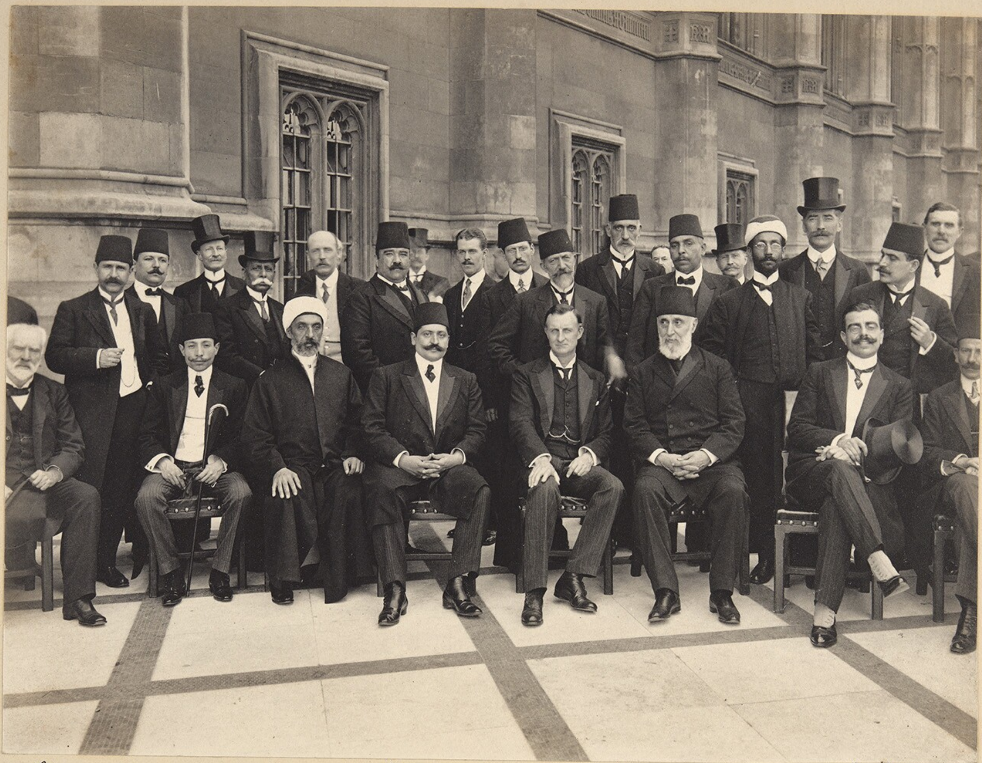
Luncheon party to the Delegates of the Imperial Ottoman Parliament, at the House of Commons. July 21 st 1909. J. Benjamin Stone
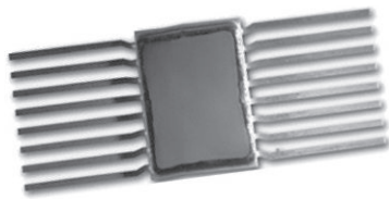
Product may not be to scale
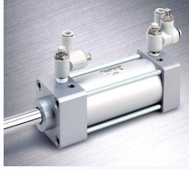
Energy Saving Valve Up to 40% Reduction in Air Consumption

The energy saving valve, SMC series ASR / ASQ, cuts air consumption by operating the non-working actuator stroke at a reduced pressure. The cost savings of this change are significant. In conventional installations the working and non-working stroke operate at the same pressure. Reducing pressure from 100 PSI to 50 PSI on the non-working side of a cylinder can reduce the annual cost of operation.

→ **WHAT THE EXERCISE ASKS**
Print the part of the listing above that opens with the line containing "Product may not be to scale" and closes with the line containing "Energy Saving Valve Up". Copy it exactly, both ends included, and omit the pictures.

→ **SOLUTION TO THIS TASK**
Product may not be to scale
Energy Saving Valve Up to 40% Reduction in Air Consumption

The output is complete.